For a variety of reasons, that's too bad.
For some, the trial has arguably lost a bit of it's interest as a result of McGee's defeat in the April election. Nevertheless, he still remains a lightening rod for the community. Regardless of the evidence presented against him, some of his apologists will undoubtedly always believe that he was a victim of the "racist power structure". For many of these people, no amount of evidence will change their opinion.
For almost everyone else though, it's too bad that we won't have a chance to see the witnesses first-hand. It's too bad we won't have a chance to hear the wiretap evidence as it is played in court. It's too bad that we'll have to rely on second-hand reports about the arguments of counsel.

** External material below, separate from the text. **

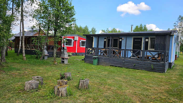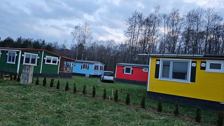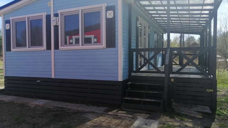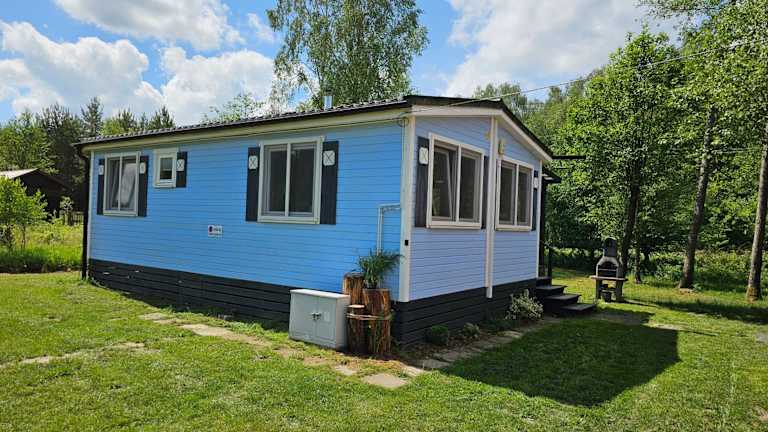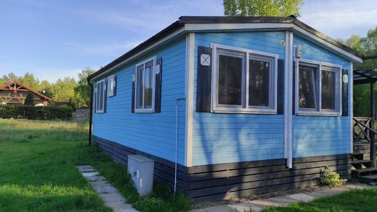 Domek letniskowy - niebieski całoroczny bietet eine heimelige Atmosphäre mit einem Aussenpool, einer Terrasse und einem Kinderspielplatz für Familien. Die Unterkunft ist für verschiedene Aktivitäten geeignet und hat ein Nichtraucherkonzept in allen Bereichen.

The government's case against McGee is being presented by my former colleague Joe Wall. Wall left the U.S. Attorneys Office about seven years ago to become a Milwaukee County Circuit Court Judge. He returned to the U.S. Attorney's Office last Fall and immediately took over the McGee prosecution. I'm biased because I worked closely with him for years - but believe me when I tell you that Wall is a pretty darn good prosecutor.
The case is being tried before Federal Judge Charles Clevert. Up until now, Clevert's most high-profile trial was probably the Federal civil rights prosecution of four Milwaukee Police officers in connection with the beating of Frank Jude. Deservedly, Clevert earned high marks for the way he handled the case.

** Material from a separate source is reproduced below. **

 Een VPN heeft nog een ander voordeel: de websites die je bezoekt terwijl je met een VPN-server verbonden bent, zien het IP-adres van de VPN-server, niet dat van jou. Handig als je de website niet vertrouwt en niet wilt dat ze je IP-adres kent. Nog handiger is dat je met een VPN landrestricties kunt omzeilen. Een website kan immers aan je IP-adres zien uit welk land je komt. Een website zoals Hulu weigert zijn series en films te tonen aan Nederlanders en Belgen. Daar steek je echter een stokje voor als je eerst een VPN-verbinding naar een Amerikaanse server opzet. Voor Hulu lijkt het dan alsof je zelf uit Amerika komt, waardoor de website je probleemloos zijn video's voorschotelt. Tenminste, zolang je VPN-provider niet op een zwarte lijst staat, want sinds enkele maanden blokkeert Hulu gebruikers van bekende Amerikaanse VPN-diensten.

The State prosecution of the Frank Jude Jr. cops was, to put it mildly, a prosecutive disaster. Unfortunately, since State courts allow proceedings to be televised, the public had an opportunity to witness the spectacle first-hand. It's equally unfortunate the the public never had an opportunity to witness the masterful Federal prosecution that followed (and led to convictions).
In the same vein, due to electronic access to the courtroom, the public has already had an opportunity to get a first-hand look at how the State prosecution of McGee was initially botched. It's really too bad that we won't get a chance to see how a really good prosecutor, trying a case before a really good judge, presents a really strong case!
I've always said that McGee's real problems centered around the Federal charges. The first couple of witnesses appear to underscore that point - and the jury hasn't even heard any of the wiretaps yet. Nevertheless, who knows what a jury will decide when all the evidence is presented to them?
Regardless of the eventual verdict, I personally think that the McGee trial is going to be an outstanding example of how the system is supposed to work. It's just too bad that nobody is going to get to see it.